As the debate in the White House about Afghanistan heats up, the activists of the United States have stepped up too! Thousands of screenings have taken place from Hawaii to South Carolina, to Alaska to Arkansas. These activists have collected thousands of signatures and debated the issue for months with experts, local veterans, and grassroots fervor. I’d like to highlight a recent screening hosted by Betty Cooper of Jefferson City, MO.

“The showing of Rethink Afghanistan, November 11, 2009, Jefferson City, MO created a sense of unity and oneness within the group of eighteen participants. After our speaker, Mark Haim, director of Mid-MO Peace Works, provided additional ideas about this problematic situation, the questions and discussion became “lively” and invigorating creating a stage for activism.
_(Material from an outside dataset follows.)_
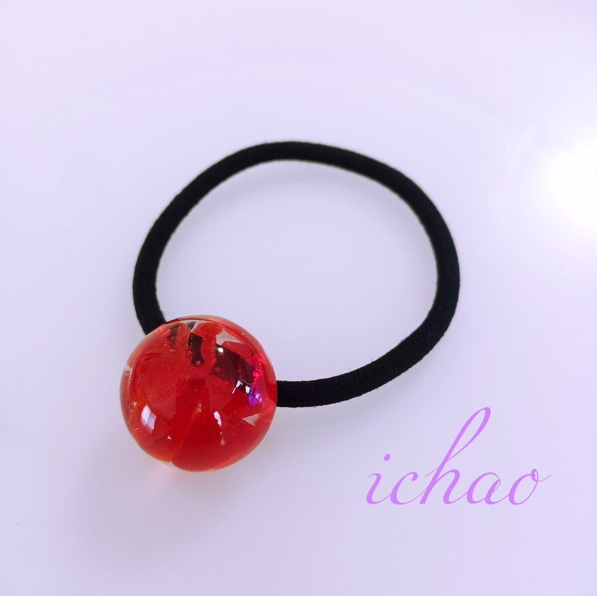 琉球ガラスをレジンで閉じ込めた半球のとっても可愛いヘアゴムです(^^)

The petitions to “end the war” were eagerly signed and many decided to call the White House the next day and speak for “ending the war not escalating the troop level.” One person decided to continue showing the DVD to others. This was a “rethinking process” that will continue to be on-going. We want to thank Robert Greenwald, the participants, the film and the entire staff at Brave New Foundation.”


Thanks for your tireless efforts and kind words, Betty! Keep up the great work!

If you want to host a screening for your community, feel free to write me or visit our screenings page for more information!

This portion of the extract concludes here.